Most of the e-mails circulating say the cougars were congregating to feed on a dead cow. But Brad and Gallie both confirmed there was no carcass in the area.

“The ranchers had carcasses in other areas near Moses Coulee, but they said no cougar tracks were in the snow around them,” Gallie said.

Coyotes, eagles, ravens and magpies clean up carrion pretty fast, but cougars generally like their meat a little fresher.

Brad said the camera was mounted on an old cow trail along a rimrock cliff. “It’s the first wide spot in the trail with a view of the huge valley below,” Brad said.

“It’s a perfect place to stop and scan for prey below,” Gallie said, noting that 300-500 deer might be wintering in a 5-mile stretch of that valley when forced down by snow.

“That’s why the cougars were there,” Gallie said. “When the snow clears up at higher elevations and the deer disperse, you won’t see that many cougars in one area again.

“The kittens might have been sitting up there sometimes while their mothers were down hunting,” he added, noting other images of a smaller group of cougars.

Gary Koehler, the WDFW carnivore specialist and world-class authority on cougars, said the photo of eight cats likely includes two adult females and their litters.

“We and others have documented two related females converging with their litters on occasion,” Koehler said in an e-mail.  “This is likely a result of a female with her current litter and her female offspring from a previous litter and her kittens.

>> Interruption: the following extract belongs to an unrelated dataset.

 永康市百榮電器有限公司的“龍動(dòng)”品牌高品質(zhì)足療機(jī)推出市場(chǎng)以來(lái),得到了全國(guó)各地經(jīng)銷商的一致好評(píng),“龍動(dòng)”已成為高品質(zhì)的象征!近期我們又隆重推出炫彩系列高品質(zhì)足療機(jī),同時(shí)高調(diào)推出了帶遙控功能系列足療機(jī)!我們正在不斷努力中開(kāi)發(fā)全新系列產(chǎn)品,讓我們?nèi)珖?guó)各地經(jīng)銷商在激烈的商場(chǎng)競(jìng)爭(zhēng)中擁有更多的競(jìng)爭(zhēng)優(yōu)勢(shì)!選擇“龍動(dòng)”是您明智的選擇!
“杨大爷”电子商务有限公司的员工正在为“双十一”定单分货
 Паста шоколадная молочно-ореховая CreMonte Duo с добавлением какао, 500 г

“Female offspring often set up home range adjacent to their mother and, as demonstrated from radio GPS marked animals, these adjacent females may get together along their home range boundaries with each’s litter.

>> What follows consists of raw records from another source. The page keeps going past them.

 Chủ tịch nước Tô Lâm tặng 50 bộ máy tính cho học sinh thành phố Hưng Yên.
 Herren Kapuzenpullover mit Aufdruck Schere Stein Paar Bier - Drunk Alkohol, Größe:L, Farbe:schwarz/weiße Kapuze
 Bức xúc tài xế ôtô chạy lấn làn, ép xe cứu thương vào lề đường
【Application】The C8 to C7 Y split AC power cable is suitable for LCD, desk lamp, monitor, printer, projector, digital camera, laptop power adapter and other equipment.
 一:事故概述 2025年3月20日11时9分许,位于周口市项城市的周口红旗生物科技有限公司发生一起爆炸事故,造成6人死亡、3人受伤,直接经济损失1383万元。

“In fact it has been documented where kittens from one female may join up (adopted) with the other litter; and perhaps, as has been documented, go back to their original litter when the mothers join up at some time.”

Gallie said the photo of eight cougars has caused a buzz among hunters that the hills are full of cougars devouring deer.

“We’ve been going to sportsmen club meetings to try to explain that isn’t the case,” he said.

WDFW studies verify that only half of the cougar kittens born each year survive to be a year old, he said.

Of the kittens that live to their first birthday, only about a third survive to be 2 years old, he added.

“The photo does not mean there are eight cats in that area each killing a deer a week. The mothers still kill only about one animal a week, but when there are three mouths to feed, something’s got to give. The runt doesn’t eat as much, and eventually doesn’t make it.”

Brad said he’ll go a couple of weeks without a getting a cougar photo on the camera and then a cougar will suddenly show up one day. All of the photos are automatically time-stamped.

The only photo as interesting as the image of eight cats occurred when he went back after Christmas to check his camera again.

“The first picture is of me leaving the camera after setting it up two weeks previous,” he said. “The next image is of a cougar coming down the same trail in my tracks just minutes after I’d left.”